I started looking into this, but I have difficulty in defining something analogous to mersenne numbers, perfect numbers, and abundancy index for any general base other than 2.

I did stumble upon the definition of k-hyperperfect numbers, which seems to be a reasonable generalization of such a thing (where k=base-1).
For base 3 as an example, there are 2-hyperperfect numbers: https://oeis.org/A007593

Quote:
Originally Posted by A007593
The known examples are all of the form 3^(k-1)*(3^k-2), where 3^k-2 is prime (cf. A014224). Conversely, from sigma(3^(k-1)*p)=(3^k-1)/2*(p+1) it is immediate that 2*sigma(n)=3n+1 for such numbers, i.e., they are 2-hyperperfect.
So based on that, it seems that a reasonable mersenne number definition for general bases would be: b^n-(b-1)

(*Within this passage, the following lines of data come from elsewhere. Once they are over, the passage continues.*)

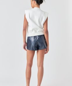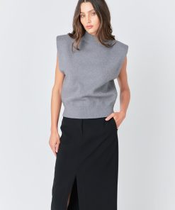 This stylish Mock Neck Sleeveless Knit Top is perfect for your everyday wardrobe. With shoulder padding and sleeveless design this top creates an attractive silhouette is simple to style and is built to last. Crafted from premium materials and with a mock neckline this knit top will be sure to turn heads. Stand out from the crowd with this beautiful Mock Neck Sleeveless Knit Top.
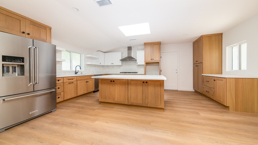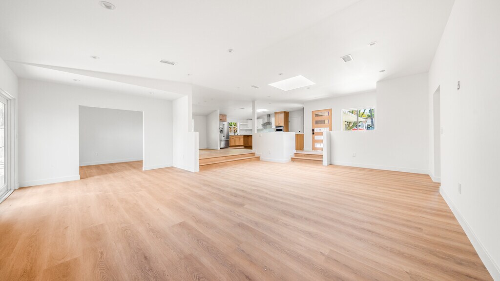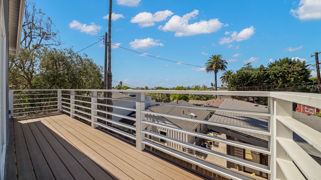 This stunning home on Mar Vista hill, never before rented, has been reimagined and thoroughly remodeled, with an open floor plan that welcomes you from the moment you enter. Its beautiful kitchen offers a spacious island, stainless-steel appliances, abundant storage and thoughtful finishes throughout. The home boasts two luxurious primary suites, both with generous walk-in closets, while the upstairs suite includes soaring high ceilings and a wrap-around private balcony with ocean views. Natural light floods the interior through beautiful skylight and recessed lighting, while the expansive backyard provides the perfect setting for entertaining. Brand new HVAC/plumbing/electrical/laundry, attached garage, substantial basement storage (~600ft, not included in living space) with additional customization options possible. Walk to the Mar Vista Farmers Market on Sundays, bike to the beach, have easy access to the westside and freeways, while enjoying the enviable blend of modern luxury, community living and a convenient location.
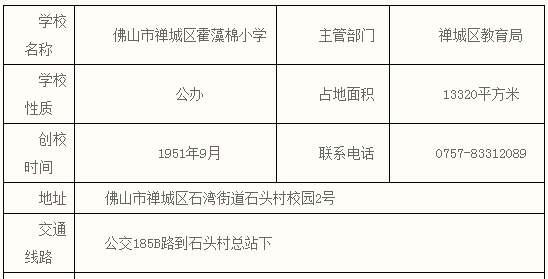 霍藻棉小学位于禅城区美丽的东平河畔,原名石头小学,创办于1951年。1990年由旅港同胞霍藻棉先生的后人及各界爱心人士捐资兴建新校舍,于1991年3月落成,更名为霍藻棉小学。学校占地面积13320平方米,建筑面积9046平方米。校园绿树成荫、环境优美。教育设施设备较齐全,学生运动场地充足,拥有200米环形炉渣跑道,1800㎡天然草皮足球场,580㎡水泥篮球场,350㎡室内活动场,以及绿荫广场、中心花园室外活动场所。2016年,在村委会的支持下,将市场A座二楼3000平方的场地无偿提供给学校使用,学校用150万元进行改造,增加了17间功能场室。现学校共有场室45间,其中普通教室16间,各专用场室29间,场室内配置了多媒体、实物投影等教学设备,基本能满足学校教育教学需要。
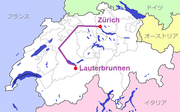 | 8/15(月) | ラウターブルンネン → チューリヒ → (飛行機) → 成田(8/16(火)) | 機内 |
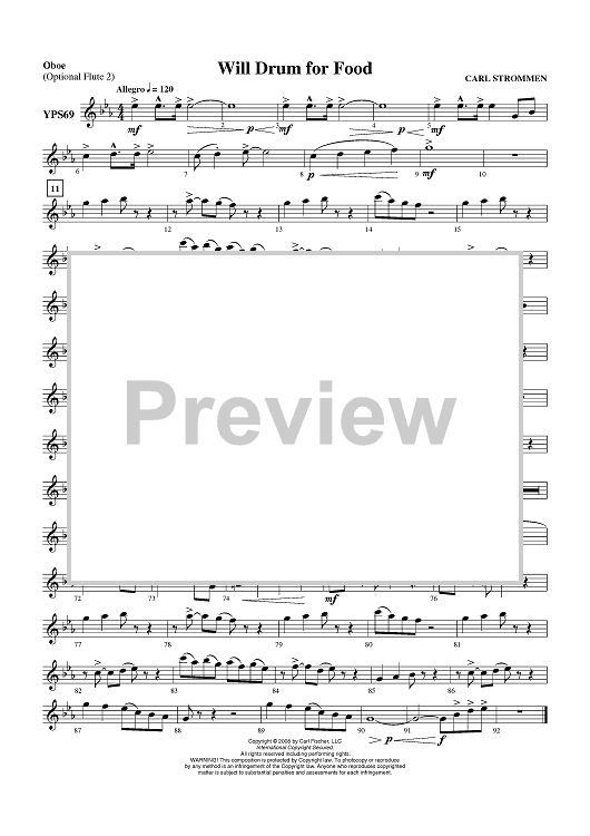 Digital Sheet Music for Will Drum for Food - Oboe by Carl Strommen scored for Concert Band; id:409536

However this lacks the property that all primes of this form have a prime exponent.

Another generalization of mersenne numbers(primes) could be:
(b^n-1)/(b-1)
(AKA repunits in base b)
This actually does seem to have the property where only prime exponents produce primes.

So mersenne numbers having base 2 are unique in this case because its the only base where these two generalized forms are actually equivalent: 2^n-(2-1) == (2^n-1)/(2-1)

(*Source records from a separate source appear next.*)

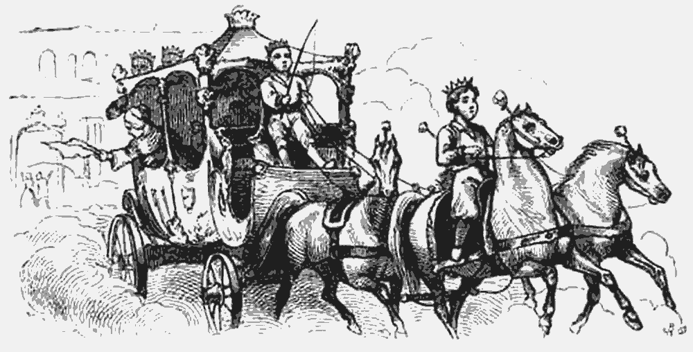 Ей дали и башмаки, и муфту, и чудесное платье, а когда она простилась со всеми, к воротам подъехала золотая карета с сияющими, как звёзды, гербами принца и принцессы; у кучера, лакеев и форейторов – ей дали и форейторов – красовались на головах маленькие золотые короны. Принц и принцесса сами усадили Герду в карету и пожелали ей счастливого пути. Лесной ворон, который уже успел жениться, провожал девочку первые три мили и сидел в карете рядом с нею, – он не мог ехать к лошадям спиною. Ручная ворона сидела на воротах и хлопала крыльями. Она не ехала провожать Герду, потому что страдала головными болями с тех пор, как получила должность при дворе и слишком много ела. Карета битком была набита сахарными крендельками, а ящик под сиденьем – фруктами и пряниками.
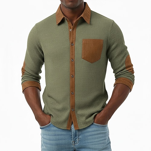 Per uomo Camicia Camicia a nido d'ape Camicia casual Camicia vintage Camicia con Bottoni Nero Blu marino Verde militare Grigio Manica Lunga Testurizzato Bavero Casuale Quotidiano Blocco di colore
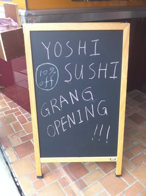 We just wanted to let everyone know that the newest sushi restaurant in supersaturated Riverside/5 Points, Yoshi Sushi, just had its GRAND GRANG OPENING”. Such a treat and what a way to start out, already providing us with some Engrish.

It may be that (if there is any relevance to the patterns in my OP at all), that they only apply to base 2 wieferich's.

One last thing which I tried to understand, but got a bit stuck, is if there is any way to define a "k-hyperabundancy index", or "k-hyperfriendlyness"
Such that all k-hyperperfect numbers are k-hyperfriendly for a given k, and also where this generalized formula is equivalent to the regular abundancy index given k=1.

Edit: I should also note, that for the case of "pseudopalindromes", I did not see any such patterns for wieferich primes of other prime bases, (base 3, or base 5 for example).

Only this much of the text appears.